» **Data section**:
· · · · ·

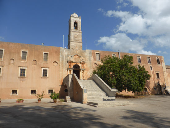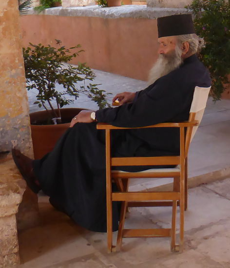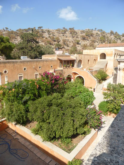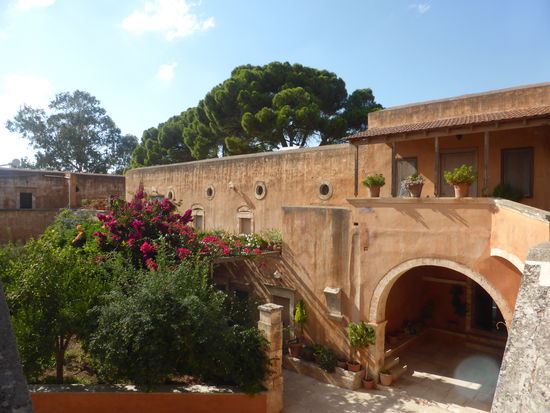 Wie bei vielen Klöstern werden von Mönchen Produkte hergestellt und auch verkauft. Im diesem Kloster gibt es einen Weinkeller, in dem aber auch Öle, Säfte, Liköre und andere kretische Pridukte verkauft werden. Meine Frau Ulrike wird nach ausführlichen Proben von Ölen und Essigen mit einem besonderen Traubensirup (Balsam) für Salate fündig.
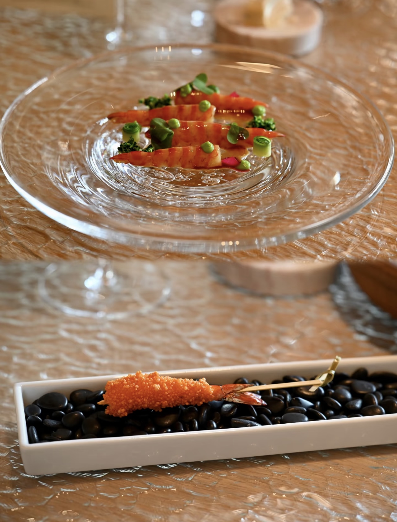 수국 모티프는 레스토랑 곳곳에 녹아 있습니다. 꽃에서 영감을 받은 대형 플로랄 설치물이 식사 공간 중앙에 시각적 중심점으로 자리잡고 있으며, 문 장식, 장식 요소, 심지어 식기류에도 같은 테마가 반영되어 있습니다.
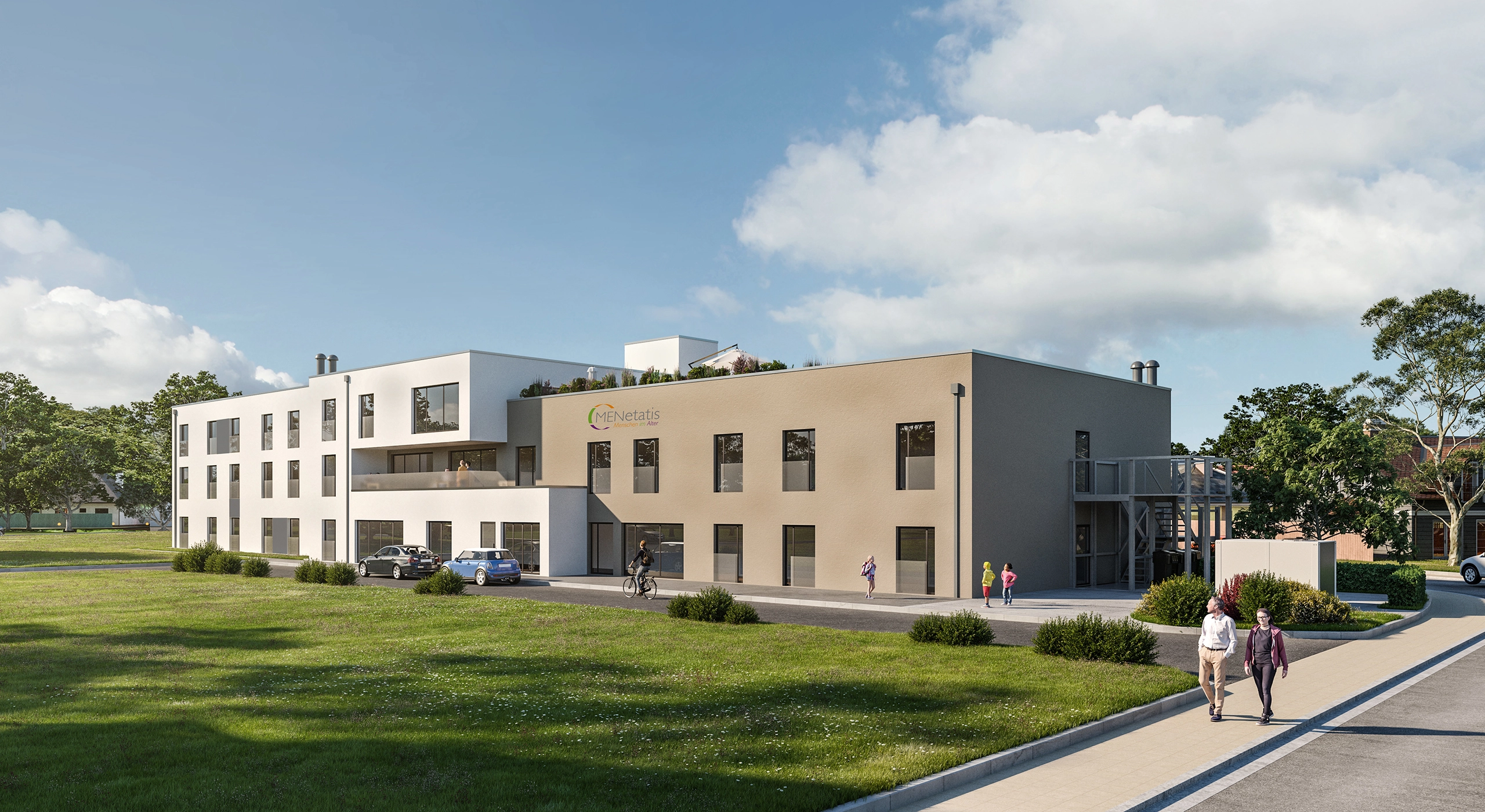 Das Seniorenzentrum Freigericht vereint moderne Pflegearchitektur mit wohnlicher Atmosphäre und einem offenen Quartiersgedanken. Auf Basis eines Wettbewerbsgewinns entstand ein Gebäudekonzept mit 75 Pflegezimmern und ergänzenden Appartements für Betreutes Wohnen. Transparente, klar gegliederte Baukörper schaffen helle, übersichtliche Räume und fördern zugleich Gemeinschaft und Rückzug. Ein öffentlich zugänglicher Café- und Bistrobereich stärkt die Verbindung zwischen Einrichtung und Umgebung – ein Ort, der Pflege, Leben und Teilhabe verbindet.

· · · · ·

» **Prompt**: Write the lines above out again exactly, without any of their pictures.

» **Result of the exercise**:
 Wie bei vielen Klöstern werden von Mönchen Produkte hergestellt und auch verkauft. Im diesem Kloster gibt es einen Weinkeller, in dem aber auch Öle, Säfte, Liköre und andere kretische Pridukte verkauft werden. Meine Frau Ulrike wird nach ausführlichen Proben von Ölen und Essigen mit einem besonderen Traubensirup (Balsam) für Salate fündig.
 수국 모티프는 레스토랑 곳곳에 녹아 있습니다. 꽃에서 영감을 받은 대형 플로랄 설치물이 식사 공간 중앙에 시각적 중심점으로 자리잡고 있으며, 문 장식, 장식 요소, 심지어 식기류에도 같은 테마가 반영되어 있습니다.
 Das Seniorenzentrum Freigericht vereint moderne Pflegearchitektur mit wohnlicher Atmosphäre und einem offenen Quartiersgedanken. Auf Basis eines Wettbewerbsgewinns entstand ein Gebäudekonzept mit 75 Pflegezimmern und ergänzenden Appartements für Betreutes Wohnen. Transparente, klar gegliederte Baukörper schaffen helle, übersichtliche Räume und fördern zugleich Gemeinschaft und Rückzug. Ein öffentlich zugänglicher Café- und Bistrobereich stärkt die Verbindung zwischen Einrichtung und Umgebung – ein Ort, der Pflege, Leben und Teilhabe verbindet.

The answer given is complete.